* INFORMATION SUPPLIED

+===+

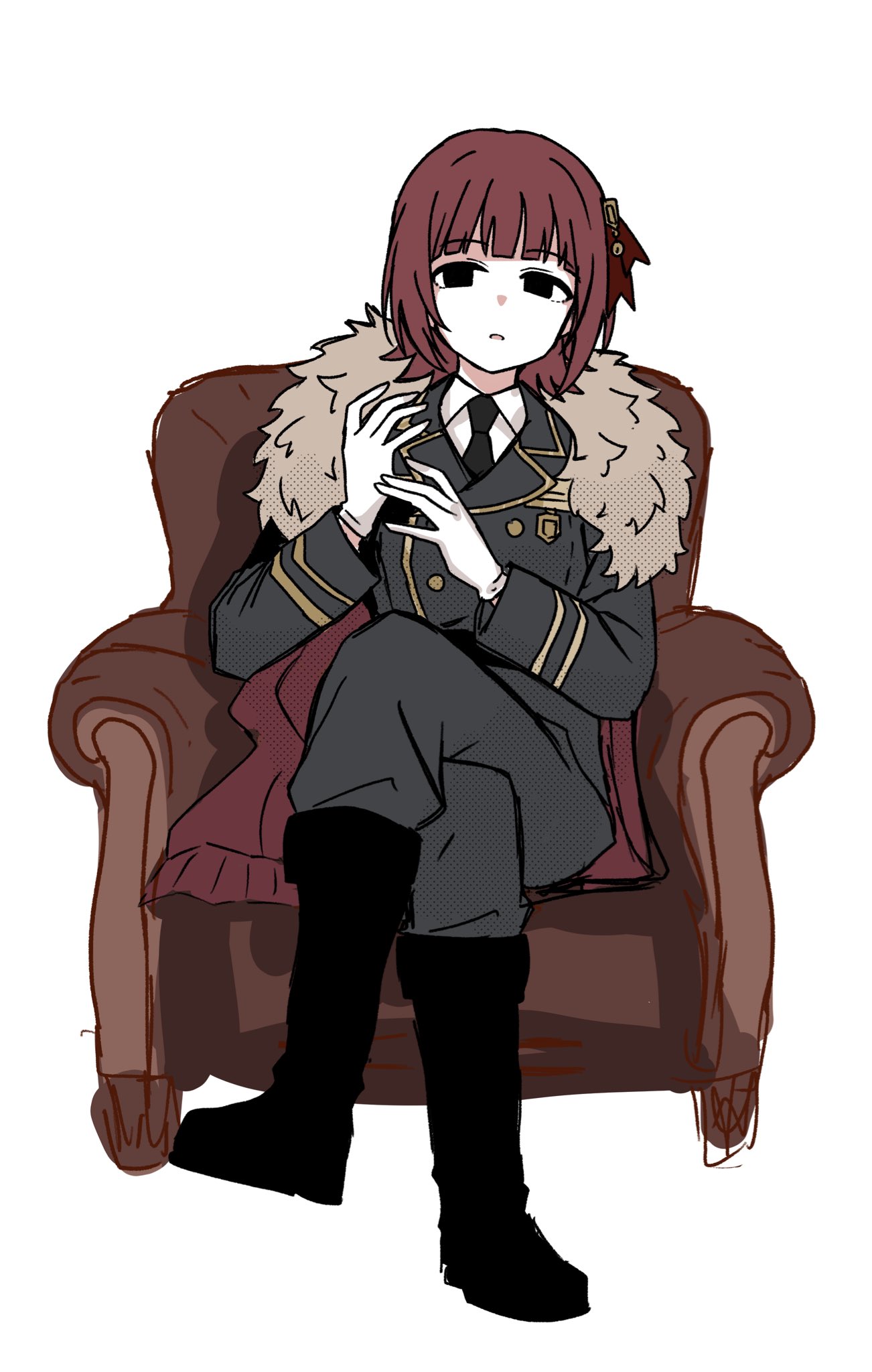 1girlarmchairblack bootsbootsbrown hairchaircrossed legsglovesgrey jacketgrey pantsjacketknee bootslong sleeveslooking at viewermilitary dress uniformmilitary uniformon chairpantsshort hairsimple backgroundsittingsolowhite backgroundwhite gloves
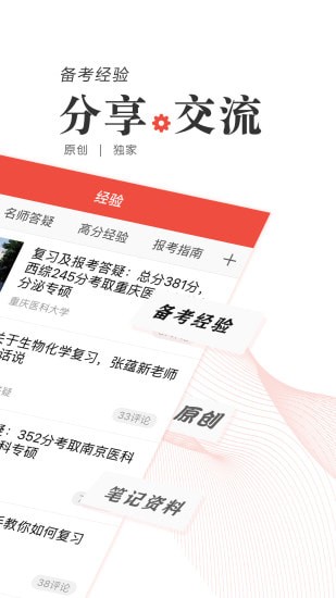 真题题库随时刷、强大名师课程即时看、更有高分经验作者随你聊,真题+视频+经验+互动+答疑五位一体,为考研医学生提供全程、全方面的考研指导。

+===+

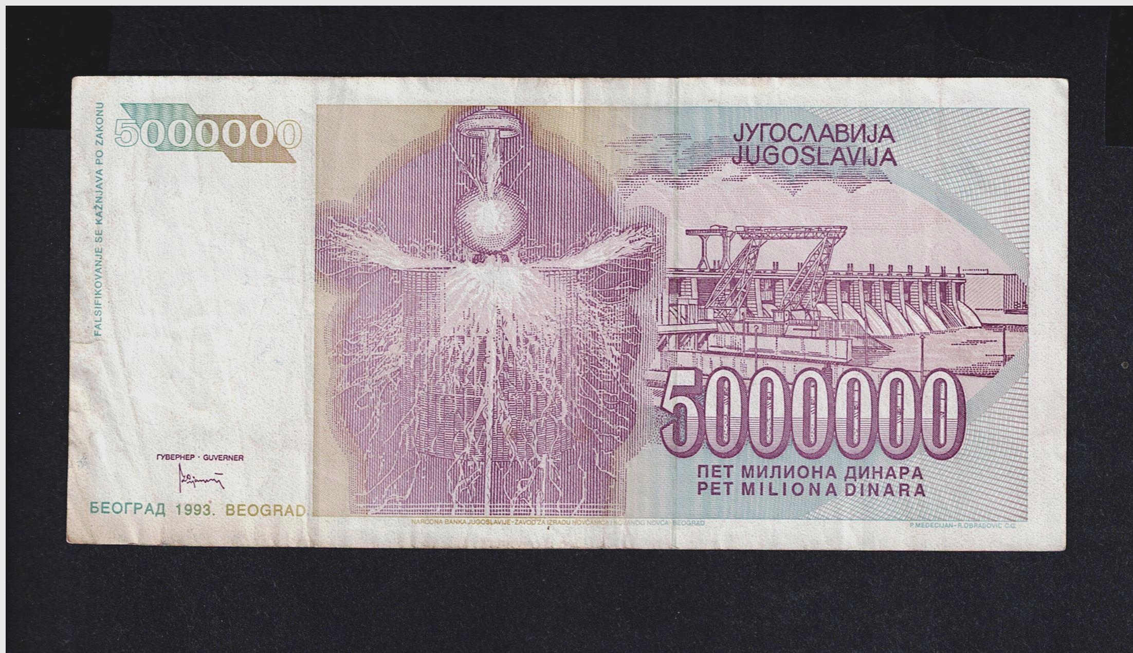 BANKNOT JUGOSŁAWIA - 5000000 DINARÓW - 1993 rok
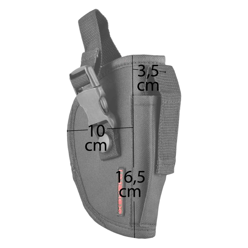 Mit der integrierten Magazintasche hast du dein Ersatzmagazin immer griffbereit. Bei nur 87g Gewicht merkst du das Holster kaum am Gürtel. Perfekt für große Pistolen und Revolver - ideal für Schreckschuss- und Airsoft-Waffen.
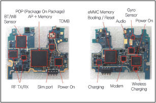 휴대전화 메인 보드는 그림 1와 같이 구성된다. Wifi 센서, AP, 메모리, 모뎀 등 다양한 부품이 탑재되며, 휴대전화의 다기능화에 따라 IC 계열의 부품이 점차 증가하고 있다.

+===+

* YOUR OBJECTIVE
Word for word, restate the lines above from the one with "Mit der integrierten" through the one with "휴대전화 메인 보드는", keeping both ends and dropping the pictures.

* ANSWER TO THIS TASK
 Mit der integrierten Magazintasche hast du dein Ersatzmagazin immer griffbereit. Bei nur 87g Gewicht merkst du das Holster kaum am Gürtel. Perfekt für große Pistolen und Revolver - ideal für Schreckschuss- und Airsoft-Waffen.
 휴대전화 메인 보드는 그림 1와 같이 구성된다. Wifi 센서, AP, 메모리, 모뎀 등 다양한 부품이 탑재되며, 휴대전화의 다기능화에 따라 IC 계열의 부품이 점차 증가하고 있다.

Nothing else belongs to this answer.